「ヨガを始めたら肩こりや腰痛が良くなると思っていました。」
そんな声を聞くことがあります。
もちろん、ヨガには体を整える力があります。
実際に、痛みが軽減したり、姿勢が改善したりする方もたくさんいらっしゃいます。
でも一方で、
「ヨガを続けているのに肩が痛い。」
「腰痛がなかなか変わらない。」
という方がいるのも事実です。
実は私自身が、その一人でした。
以前、肩の痛みがひどく、パソコン作業もつらい時期がありました。
ヨガをしているのだから、そのうち良くなるだろう。
そう思って続けていましたが、思うように改善しませんでした。
そこで気づいたことがあります。
それは、
痛みは筋肉が硬いだけが原因ではない
ということでした。
日常生活の中で、
・どんな姿勢で立っているのか
・どこから動き始めているのか
・関節は本来の位置で動いているのか
・一部分の筋肉だけを偏って使っていないか
そんな「体の使い方のクセ」が、痛みにつながっていることが少なくありません。
もし、そのクセが残ったままヨガをすると、
一生懸命ポーズをしていても、同じ場所に負担をかけ続けてしまうことがあります。
だから私は1年ほど前から、レッスンの内容を大きく見直しました。
ポーズをとることではなく、日常で痛みのない身体へ整えることです。
まずは
・立ち方
・つま先の向き
・関節の位置
・体全体のつながり
を整えることを大切にするようになりました。
すると、生徒さんから少しずつ嬉しい変化を聞くようになりました。
「O脚が改善してきました。
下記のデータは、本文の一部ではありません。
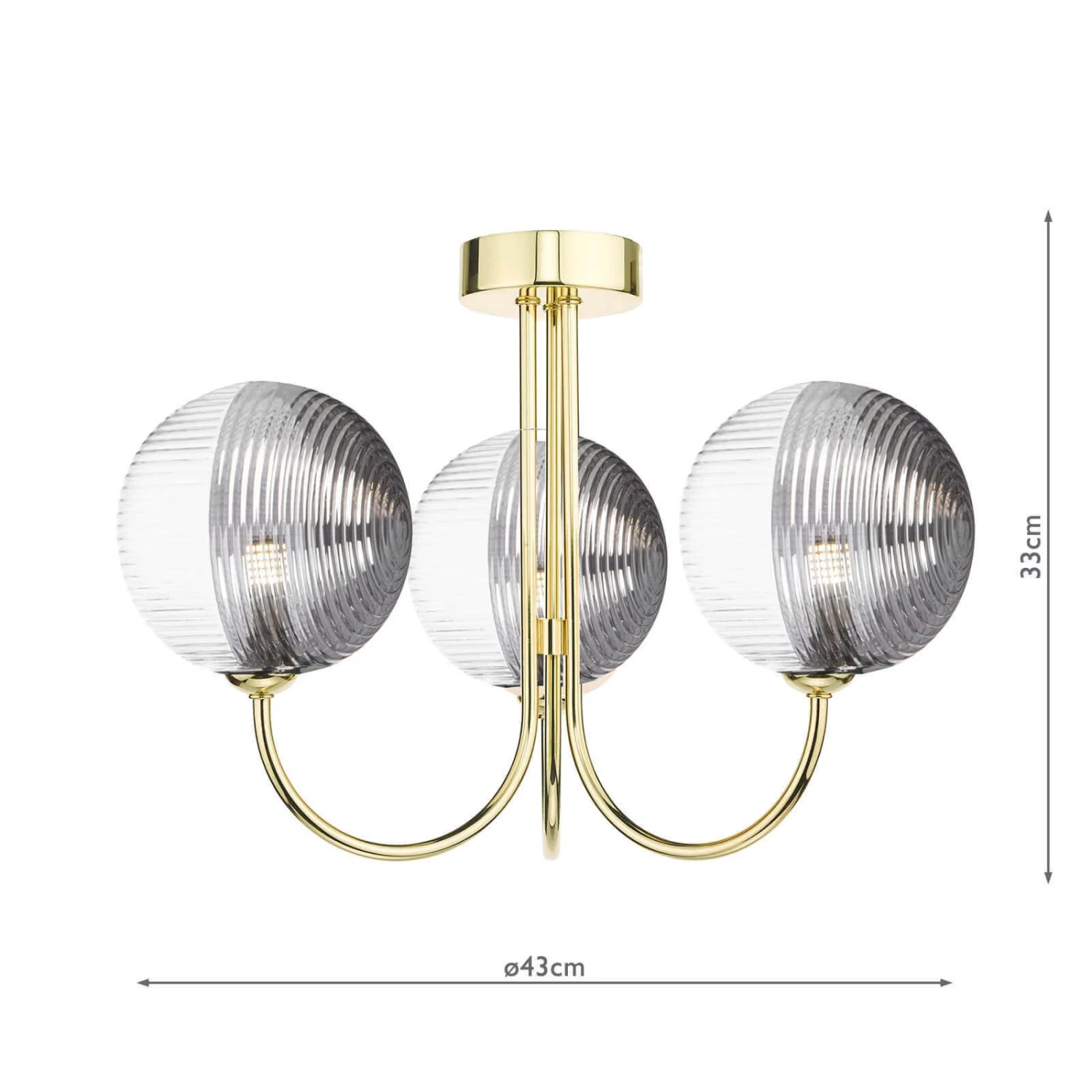 The Jared 3 Light Semi-Flush Polished Gold & Smoked/Clear Ribbed Glass is a beautiful semi-flush fitting with unique oversized asymmetric glass shades which are half smoked and half clear with opposing radial and linear ribbing. The simple polished gold frame suits low ceiling rooms and allows the glass to really shine. The Jared semi-flush is suitable for an entryway, dining room or anywhere a little style is needed.

」
「膝の痛みが軽くなって、また登山に行けるようになりました。」
「そういえば、お尻ともも裏の痛みが気にならなくなっています。」
どれも共通しているのは、
痛みを我慢して頑張った結果ではない
ということです。
体の使い方が変わり、
レッスンだけでなく日常でも少し意識を続けた結果、
少しずつ体が変わっていったのです。
私は、ヨガは難しいポーズができるようになるためのものではないと思っています。
目指したいのは、
「これからも好きなことを楽しめる身体」
そのためには、ポーズの形だけではなく、体が本来持っている動きを取り戻すことも大切です。
体は年齢だけで決まるものではありません。
毎日の体の使い方が変わると、体は少しずつ応えてくれます。
だから私は今日も、ポーズを教えるだけではなく、一人ひとりの体に合わせた「動き」を大切にしながらレッスンをしています。